Drastically changing the decay towards 1 clearly negatively impacts the networks ability to learn. Even after one hundred epochs, the network barely breaks 40% accuracy. Let's leave decay for now and test different optimization functions themselves. 

### Optimizers

The simplist kind of optimizer is Stochastic gradient descent. SGD uses a basic stochastic iteration approach to descend along the gradient with the hope of approaching a minima in the loss function. Here I will implement it with naive properties out of the box.

In [9]:
opt_3_sgd = standard_network()

opt = keras.optimizers.SGD(lr=0.01, momentum=0.0, decay=0.0, nesterov=False)
opt_3_sgd.compile(optimizer=opt, loss='categorical_crossentropy', metrics=['accuracy'])

history_sgd = opt_3_sgd.fit(x_train, y_train,
              batch_size=32,
              epochs=100,
              validation_data=(x_test, y_test),
              shuffle=True,
              callbacks=[early_stop])

_________________________________________________________________
Layer (type)                 Output Shape              Param #   
conv2d_17 (Conv2D)           (None, 32, 32, 32)        896       
_________________________________________________________________
activation_25 (Activation)   (None, 32, 32, 32)        0         
_________________________________________________________________
conv2d_18 (Conv2D)           (None, 30, 30, 32)        9248      
_________________________________________________________________
activation_26 (Activation)   (None, 30, 30, 32)        0         
_________________________________________________________________
max_pooling2d_9 (MaxPooling2 (None, 15, 15, 32)        0         
_________________________________________________________________
dropout_13 (Dropout)         (None, 15, 15, 32)        0         
_________________________________________________________________
conv2d_19 (Conv2D)           (None, 15, 15, 64)        18496     
__________

Standard SGD actually does really well at learning the model. We do notice some overfitting happening, but in 75 epochs the network reaches 80% validation accuracy. Let's check against the test.

In [10]:
opt_3_sgd.evaluate(x_test, y_test)



[0.62109199433326723, 0.8075]

Let's try out some different hyperparameters here.

In [11]:
opt_3_sgd_mo = standard_network()

opt = keras.optimizers.SGD(lr=0.01, momentum=0.1, decay=0.0, nesterov=False)
opt_3_sgd_mo.compile(optimizer=opt, loss='categorical_crossentropy', metrics=['accuracy'])
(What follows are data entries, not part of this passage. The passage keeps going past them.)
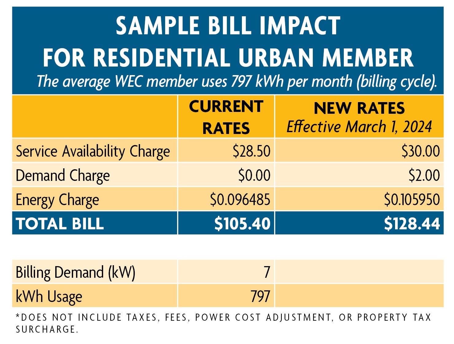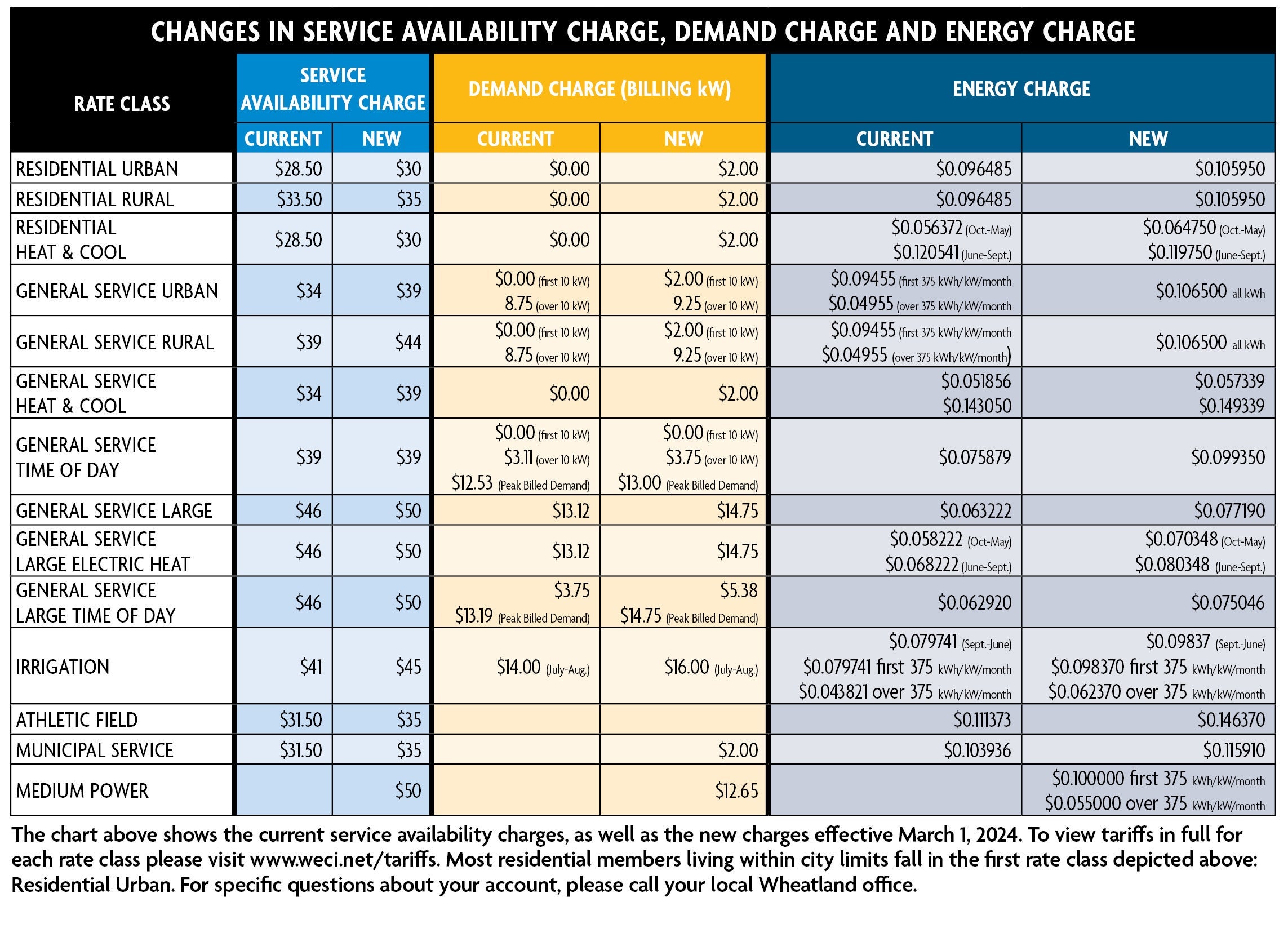 The chart above shows the current service availability charges, as well as the new charges effective March 1, 2024. To view tariffs in full for each rate class please visit www.weci.net/tariffs. Most residential members living within city limits fall in the first rate class depicted above: Residential Urban. For specific questions about your account, please call your local Wheatland office.
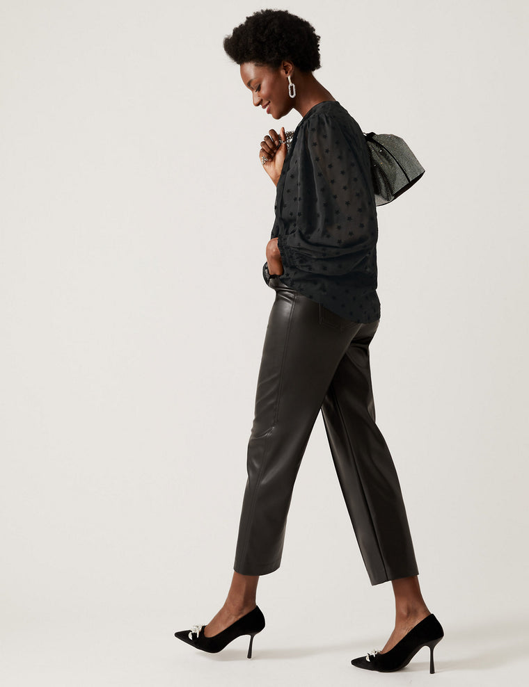 Our vintage-inspired sheer blouse features a pretty star print in a textured flock effect. It's cut to a comfortable regular fit, with long sleeves that finish in elasticated cuffs for a voluminous look. A plain cami attached underneath gives extra coverage, while a neat tie at the neckline adds the finishing touch. M&S Collection: easy-to-wear wardrobe staples that combine classic and contemporary styles.
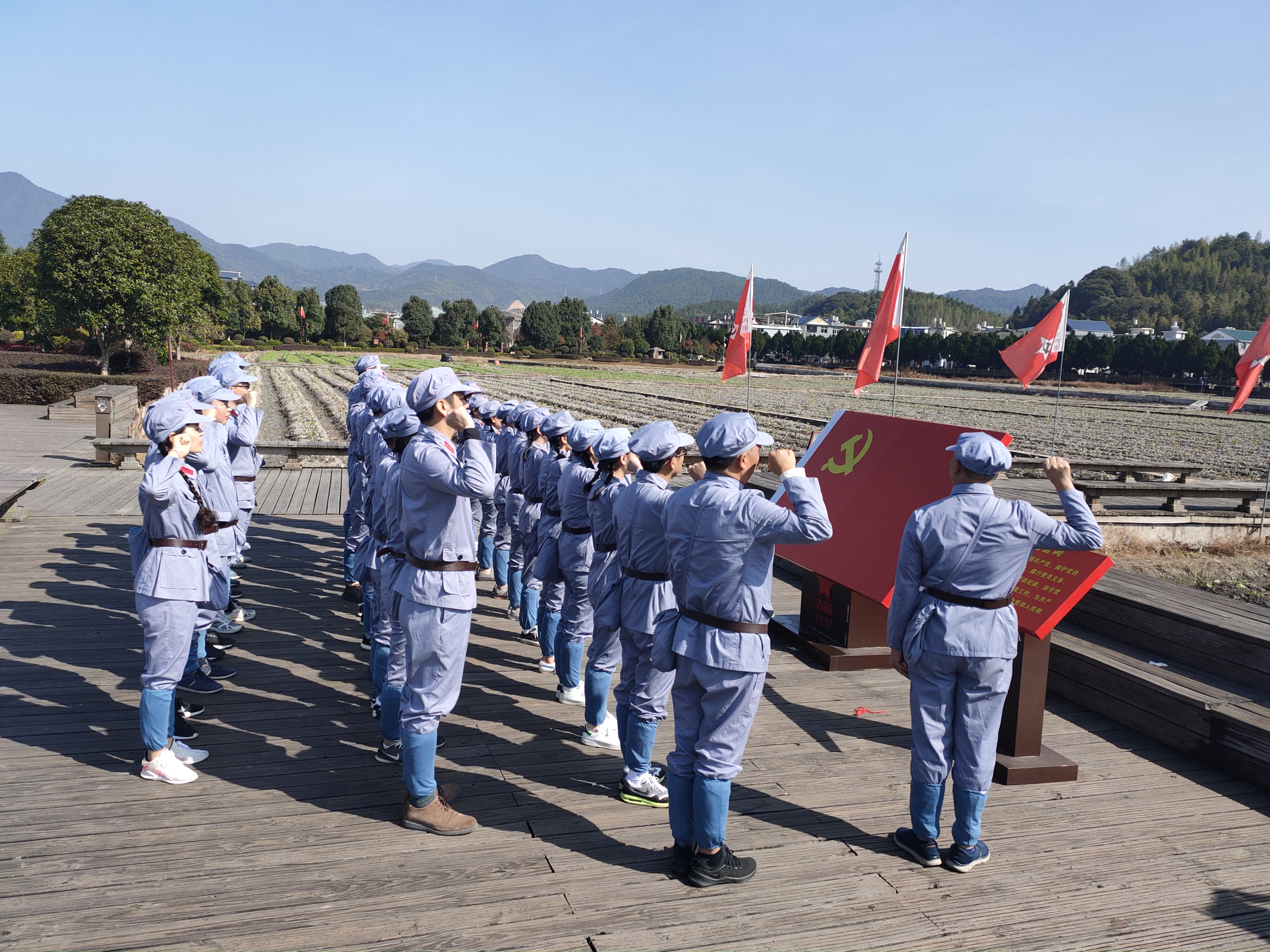 前去的黨員先后參觀了紅軍長征第一村——中復村、瞿秋白紀念館、福建省蘇維埃政府、古田會址,并在古田會址重溫了入黨誓詞。古田會址北側是毛主席紀念園,公司黨委向毛澤東雕像敬獻花籃,大家向毛澤東雕像三鞠躬,并瞻仰了毛澤東雕像,深切緬懷老一輩革命家的豐功偉績。
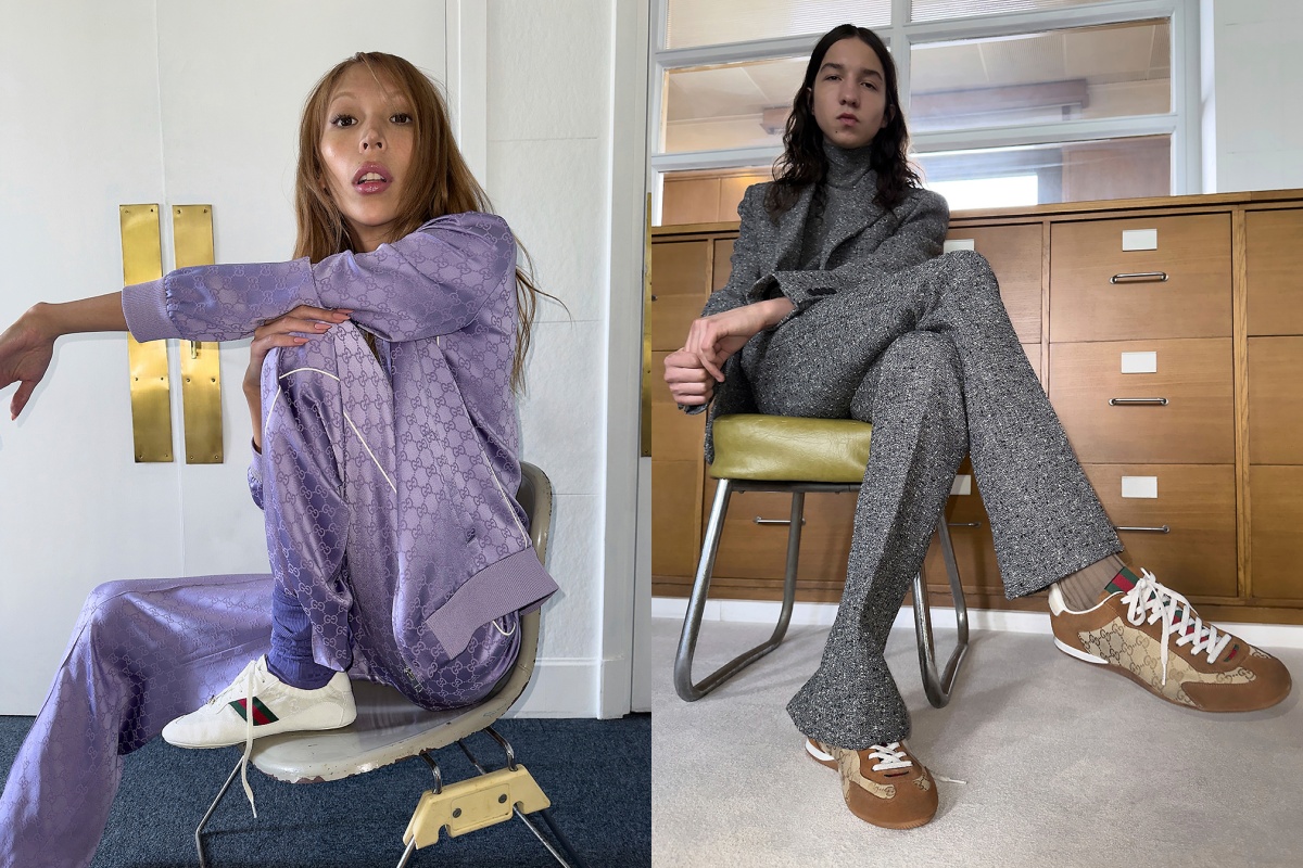 Còn với cánh mày râu, thiết kế nhấn mạnh tính hiện đại mạnh mẽ với chi tiết Web stripe trên lưỡi gà và gót, cùng đường may ngang gợi nhớ họa tiết Web. Thiết kế được hoàn thiện với đế giày mang logo maxi nổi bật. Các phiên bản nam sẽ bao gồm da trơn, da wash và canvas GG.
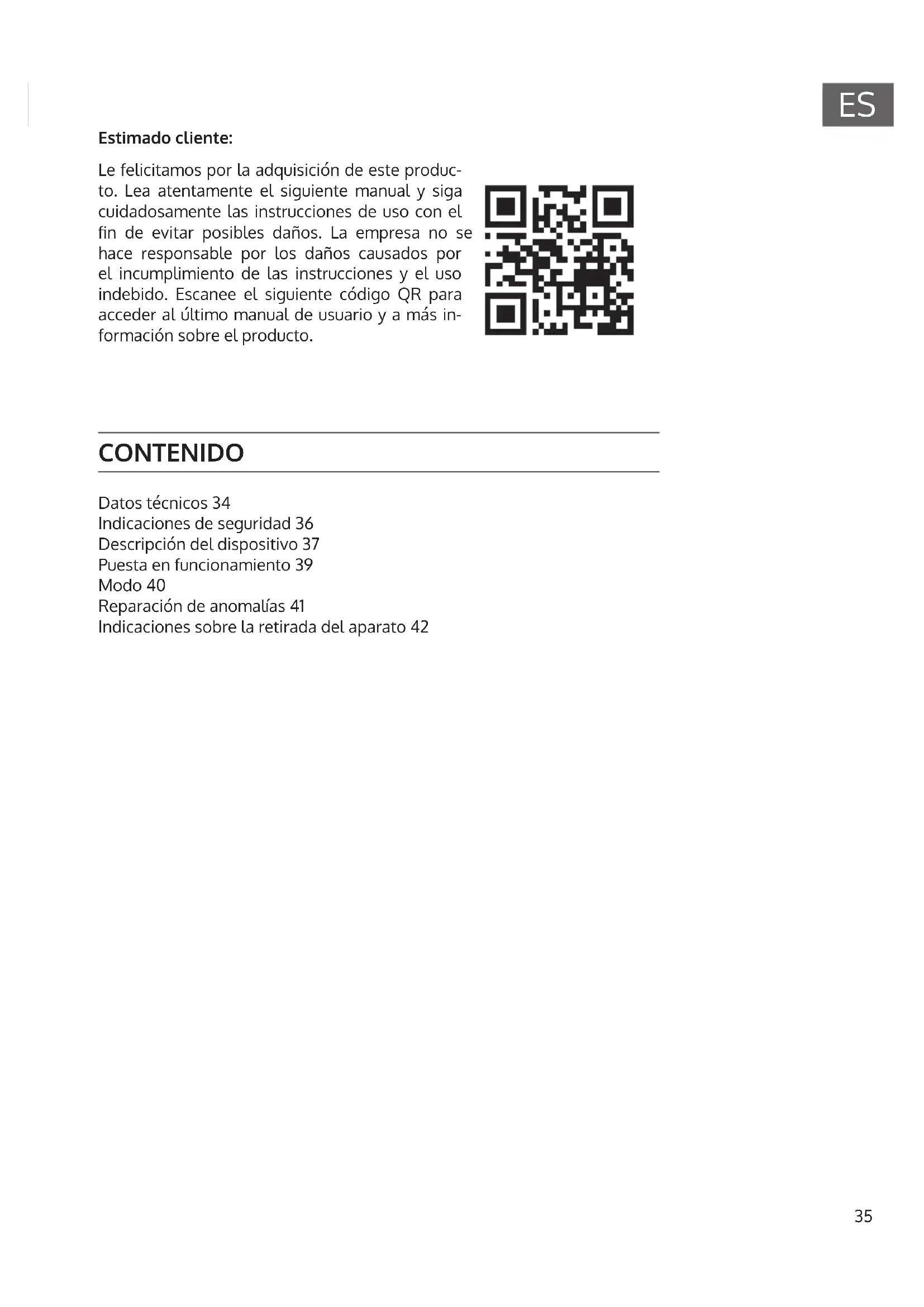 CONTENIDO Datos técnicos 34 Indicaciones de seguridad 36 Descripción del dispositivo 37 Puesta en funcionamiento 39 Modo 40 Reparación de anomalías 41 Indicaciones sobre la retirada del aparato 42 Estimado cliente: Le felicitamos por la adquisición de este produc- to. Lea atentamente el siguiente manual y siga cuidadosamente las instrucciones de uso con el n de evitar posibles daños. La empresa no se hace responsable por los daños causados por el incumplimiento de las instrucciones y el uso indebido. Escanee el siguiente código QR para acceder al último manual de usuario y a más in- formación sobre el producto.36
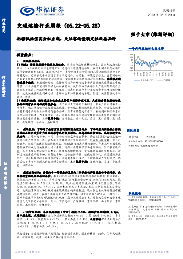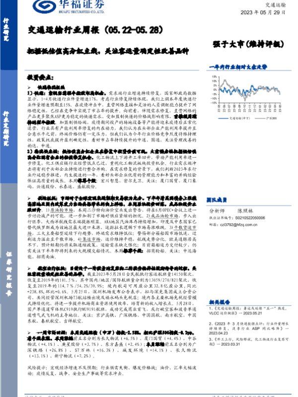 【华福证券】【20230529】交通运输行业周报:把握低估值高分红主线,关注客运量确定性改善品种-15页
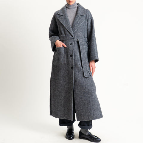 Vicolo-Cappotto spinato hand made misto lana con cintura art.VC/TF0103
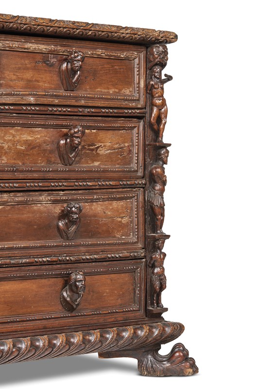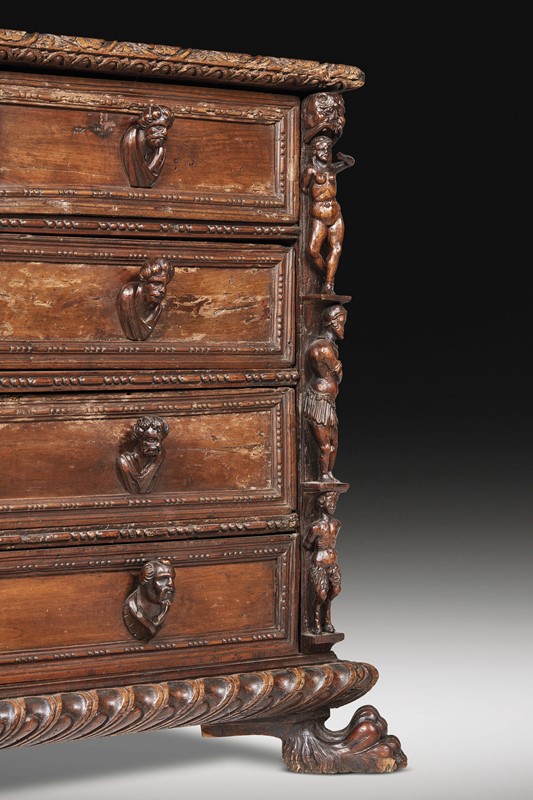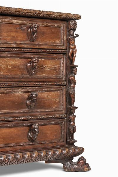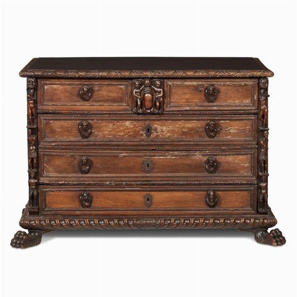 in noce intagliato a bambocci, presenta il piano leggermente aggettante con bordura intagliata con motivo a mezze corolle ricorrenti, sotteso da due cassetti con presa in foggia di volto virile centrati da cassetto celato da stemma sormontato da cimiero ed affiancato da putti, su ulteriori tre cassetti con profilature a perline e fusarola e prese in foggia di busti virili; gli angoli del fronte presentano decoro a bambocci con tre ordini di figure lavorate a tutto tondo, su base aggettante con ricco intaglio a baccellatura e grandi zampe di leone; 91,5x145x70
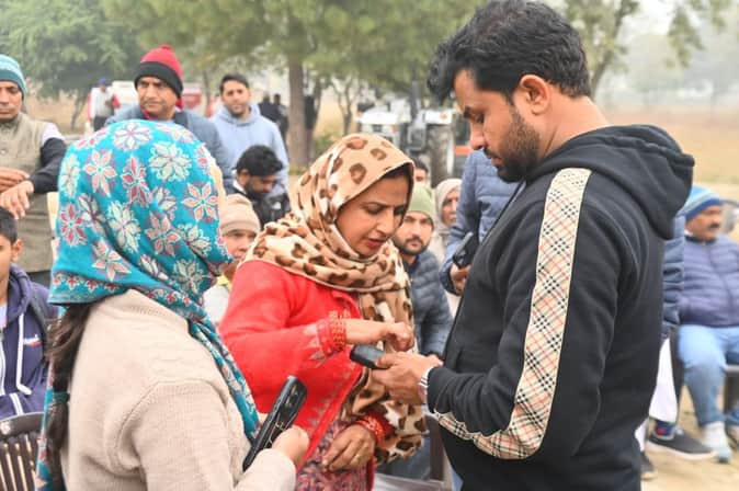 फोटो 16: सोनीपत के गन्नौर में लगाए गए दरबार में महिलाआं की समस्याएं सुनते विधायक देवेंद्र कादिय

history_sgd_mo = opt_3_sgd_mo.fit(x_train, y_train,
              batch_size=32,
              epochs=100,
              validation_data=(x_test, y_test),
              shuffle=True,
              callbacks=[early_stop])

_________________________________________________________________
Layer (type)                 Output Shape              Param #   
conv2d_21 (Conv2D)           (None, 32, 32, 32)        896       
_________________________________________________________________
activation_31 (Activation)   (None, 32, 32, 32)        0         
_________________________________________________________________
conv2d_22 (Conv2D)           (None, 30, 30, 32)        9248      
_________________________________________________________________
activation_32 (Activation)   (None, 30, 30, 32)        0         
_________________________________________________________________
max_pooling2d_11 (MaxPooling (None, 15, 15, 32)        0         
_________________________________________________________________
dropout_16 (Dropout)         (None, 15, 15, 32)        0         
_________________________________________________________________
conv2d_23 (Conv2D)           (None, 15, 15, 64)        18496     
__________

In [23]:
opt_3_sgd_mo.evaluate(x_test, y_test)



[0.59636540532112126, 0.79749999999999999]

In [12]:
opt_3_sgd_nes = standard_network()

opt = keras.optimizers.SGD(lr=0.01, momentum=0.5, decay=0.0, nesterov=True)
opt_3_sgd_nes.compile(optimizer=opt, loss='categorical_crossentropy', metrics=['accuracy'])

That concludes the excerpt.